The main disadvantage of our scheme may be the complicated mechanical structures, as shown in Figure 2d. When installing the new rolled sticky paper, the separated paper and mask, respectively, need to be correctly merged along the rollers. The installation process is a bit complex compared with the previous ones based on the yellow sticky card and the McPhail trap. However, such an installation process is required every several months. In addition, the complicated mechanical structures and the specifically processed yellow sticky paper will increase some manufacturing costs of e-traps.

4.2. Discussion on Recognition of Citrus Flies

The recognition of citrus flies is different from the other recognition tasks of crop pests [54,61,62,63], e.g., the recognition of paddy pests [62] and tomato pests [63]. In those recognition tasks, most species of pests are from different families, and their appearances represent large variances. It is easy to distinguish the different species of pests by viewing their whole appearances. However, in our task, most species of citrus flies are in the same or similar families, and different species have a similar appearance. Without viewing the whole appearance of two citrus flies, it is difficult to differentiate their species. Local features of some parts of a citrus fly are important for identifying its species. Therefore, the characteristics of our recognition task mean that the recognition algorithm of citrus flies is different from the algorithms for recognizing the across-family pests.
Our designed MAMPNet adopts the advanced attention mechanism in feature learning [35,36,37,38]. It assigns different weights for local parts of an insect when recognizing the species of the insect. Namely, for each species, some specific parts play more important roles in identifying the species. If adopting the classic deep networks directly, e.g., the MobileNet-V2 [56], VGG16 [57], DenseNet121 [58], and ResNet50 [48], the roles of local features from local parts will not be well executed because the global high-level semantic features are used for the classification of species. Especially, most of the recent research on recognizing fruit flies [24,27,28,29,30,60] directly utilized or combined the existing classic networks. Compared with them, in our MAMPNet, the local parts are located by and focused on the attention mechanism, and their features are combined with the global features for classifying the species.
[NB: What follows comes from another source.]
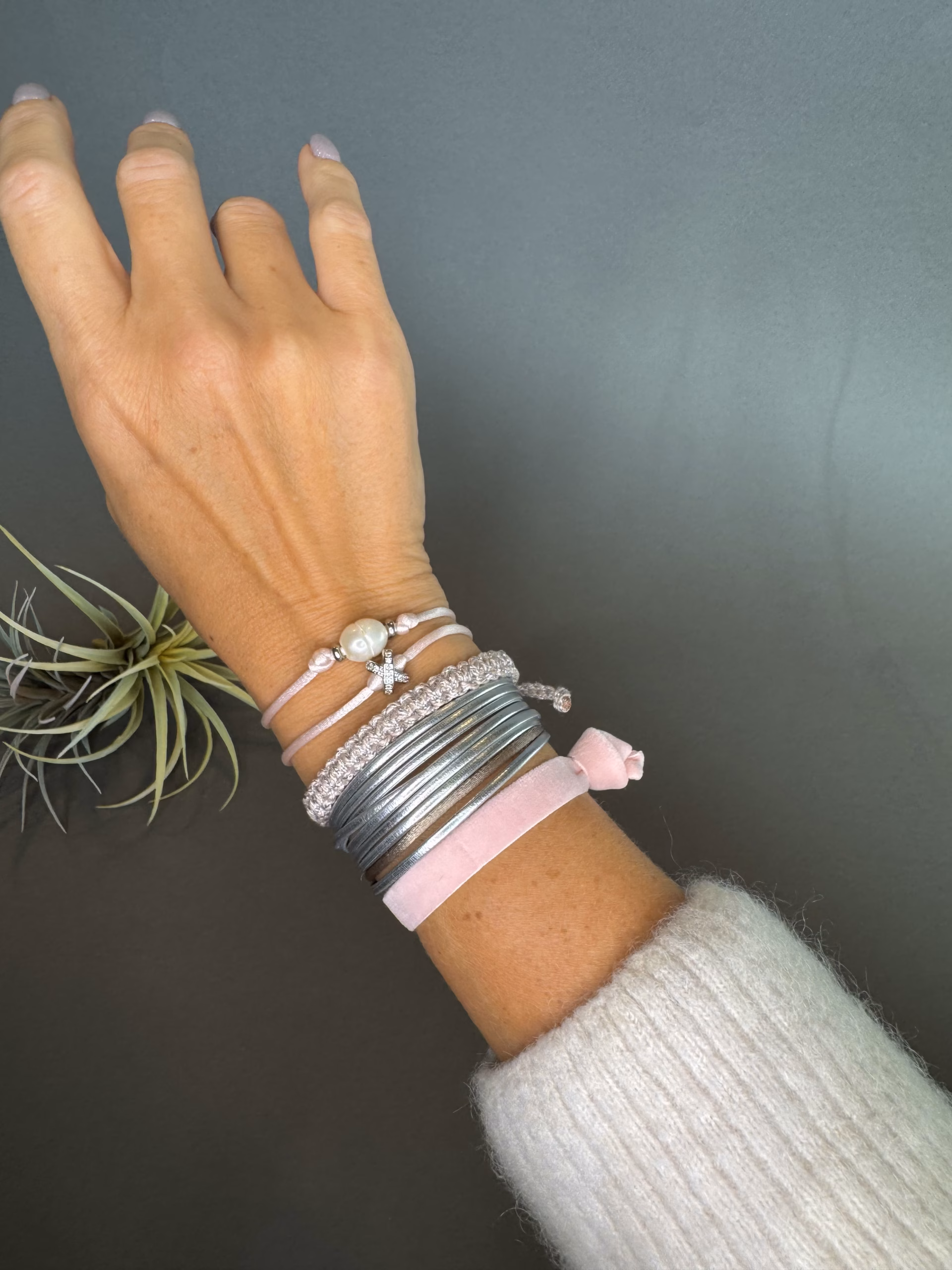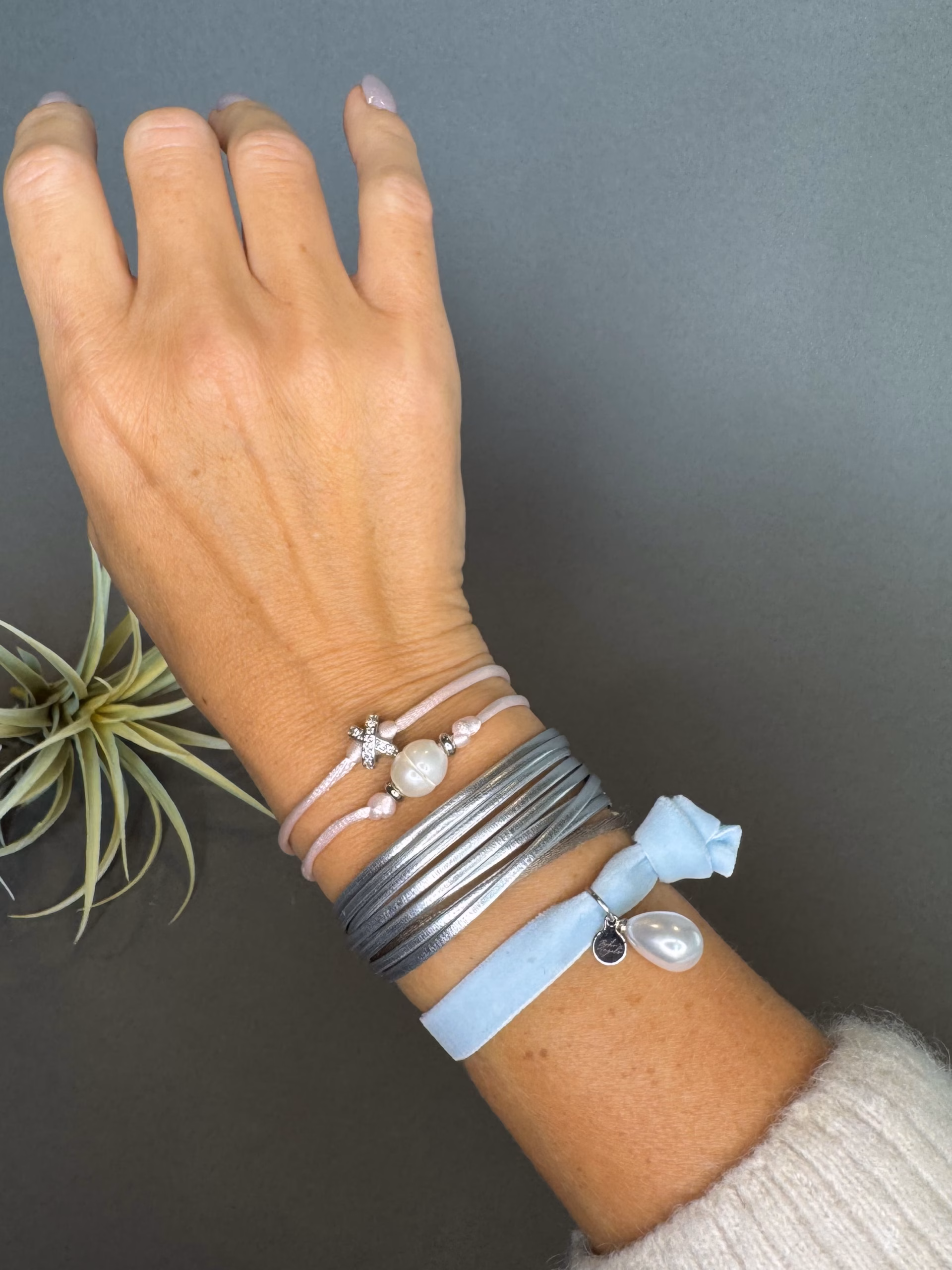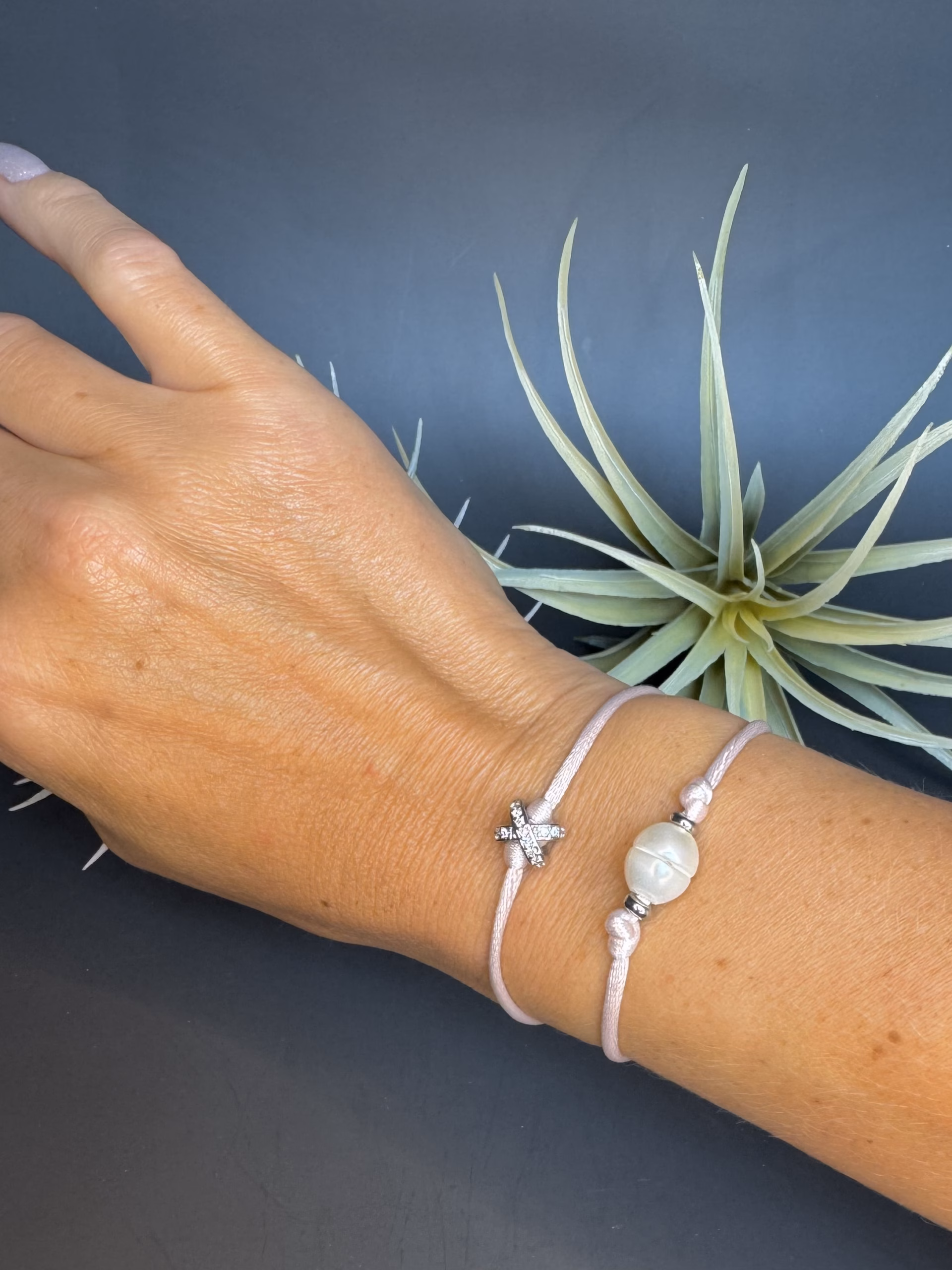 Material: Satin cord, Metal: stainless steel, Brass: 18K Gold, Natural Freshwater Pearl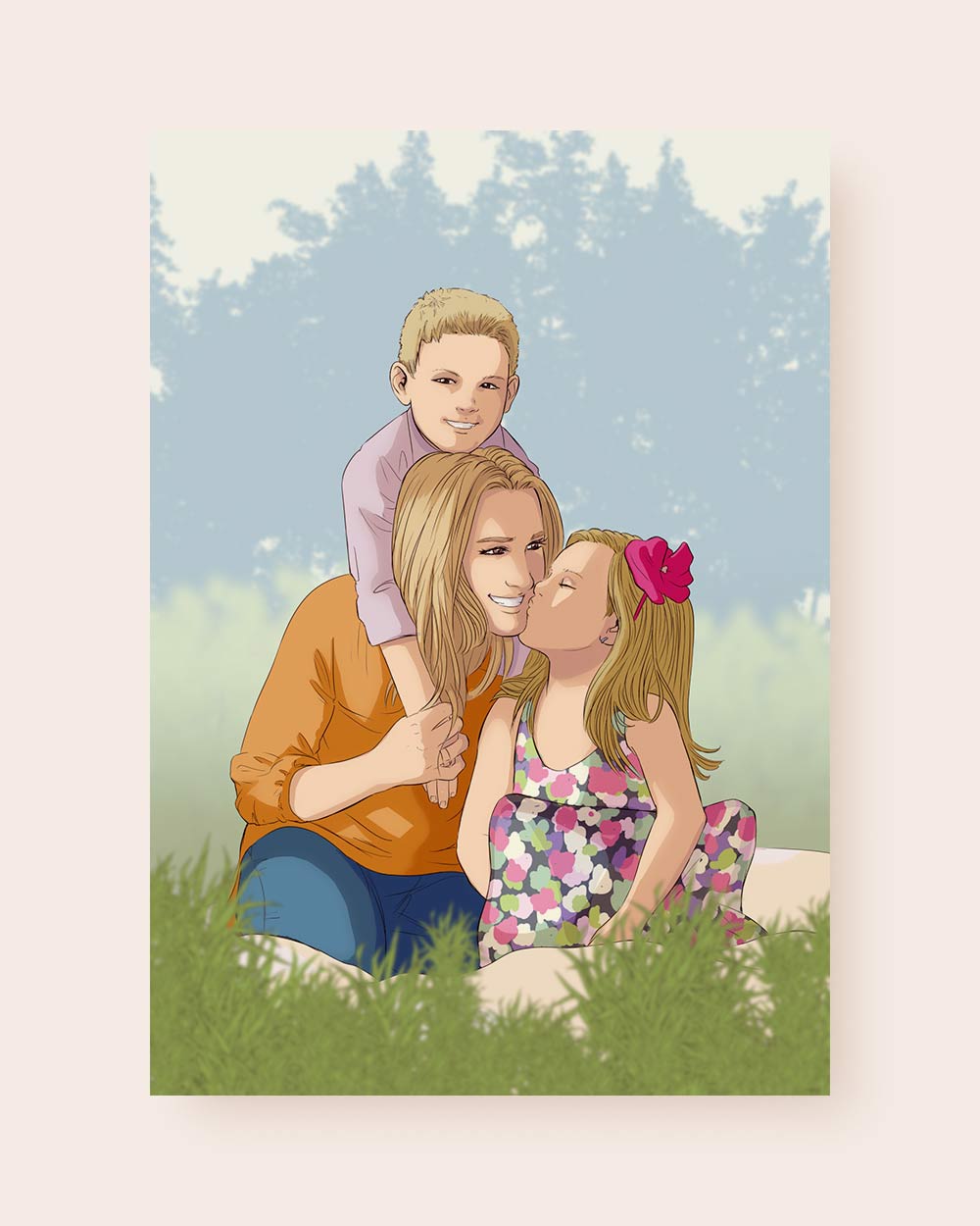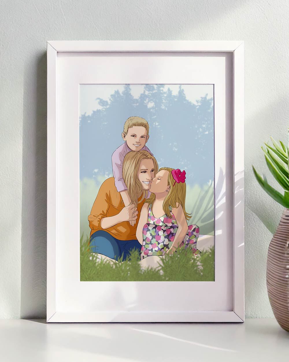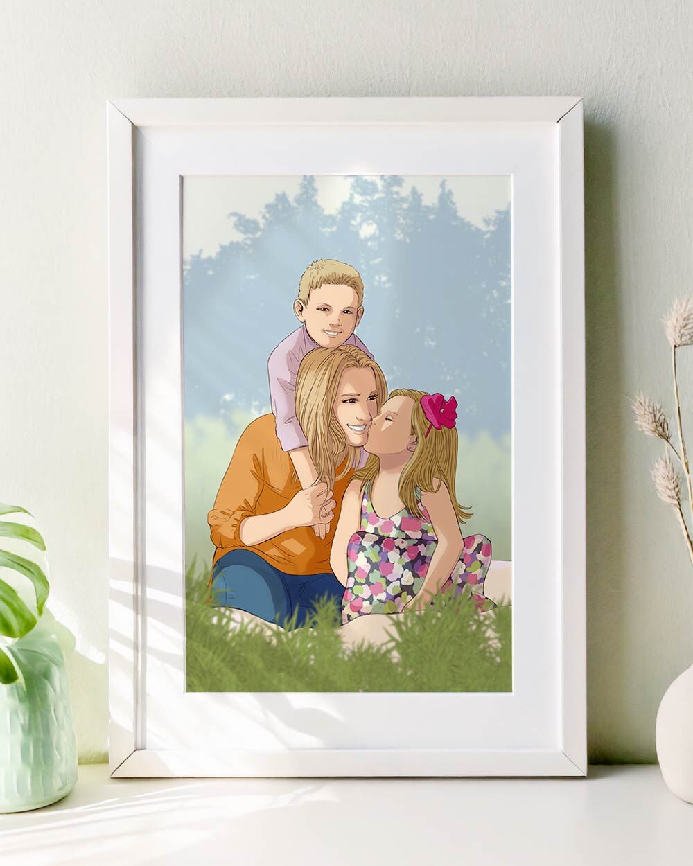 Ogni ritratto viene realizzato a partire dalla tua foto: uno scatto spontaneo, un abbraccio pieno d’amore, un momento condiviso… qualunque sia la tua immagine del cuore, noi la trasformiamo in una meravigliosa illustrazione digitale in stile fumetto, curata in ogni dettaglio. Hai anche la possibilità di aggiungere una dedica personalizzata sotto il disegno, con una frase speciale, il vostro nome o una data importante. Scegli il formato dell’illustrazione e, se lo desideri, aggiungi una cornice per un regalo davvero completo.

Therefore, the MAMPNet’s rationale better matches the way in which entomologists identify species of citrus flies, and it will obtain a higher recognition accuracy.

5. Conclusions

In this work, we design the prototype of an automatic motor-driven e-trap based on the yellow sticky paper and computer vision and further propose its algorithms of automatic control, insect detection, and pest recognition, which together construct the scheme of an automatic monitoring system of citrus flies. The motor control algorithm based on image analysis can automatically replace the yellow sticky paper containing attractants according to the validity period of attractants and the insect density on the e-trap, enabling it to operate for several months without human maintenance. Furthermore, in order to obtain the statistics of citrus flies on the e-trap, the simple, effective insect detection algorithm and the MAMPNet for citrus fly classification are, respectively, proposed to detect new trapped insects and recognize their species successively. The extensive experiments on the simulated yellow paper images confirm that our designed e-trap and its algorithms can effectively monitor the citrus fly pests.
In the future, on the one hand, field tests will be conducted to check and improve our designed e-trap prototype and corresponding algorithms. Firstly, through the field tests, a large number of realistic images of citrus fly pests and other insects on the e-trap will be collected. More images of citrus fly pests will be beneficial to improve their recognition accuracies by fine-tuning the proposed MAMPNet. Moreover, the attractant efficiency of the e-trap may be further enhanced by the field tests. On the other hand, the prediction of large-scale citrus fly pests will be studied, namely, how to utilize the pest data collected by the distributed e-traps to evaluate the outbreak probability of a large-scale disaster. It is noted that our e-trap is possibly applicable to the surveillance of other flyable and attractable Diptera pests. It can be easily applied to monitor other kinds of flyable pests by using the appropriate insect attractants. Therefore, we will also study how to extend the application scenarios of the e-trap.

6. Patents

China Patent: A replacing-paper and trapping equipment based on a kind of two-layer sticky paper with mask for sticking insects. Patent No. ZL201921710966.9.

Author Contributions

Conceptualization, methodology, R.H.; investigation, resources, T.Y.; project administration and funding acquisition, Y.Z.; software, visualization, and validation, C.Z.; formal analysis, data curation, and supervision, G.Z.; writing—original draft preparation, review, and editing, R.H. and T.Y. All authors have read and agreed to the published version of the manuscript.

Funding

This research was funded by the Chongqing Science and Technology Bureau under Grant cstc2018jscx-msybX0232, the Fundamental Research Funds for the Central Universities under Grant XDJK2019B057, the earmarked fund for the China Agriculture Research System (CARS-26) and the Chongqing Municipal Human Resources and Social Security Bureau under Grant cx2018099, in part by Grants cstc2019jcyj-msxmX0265 and NSFC 61702426.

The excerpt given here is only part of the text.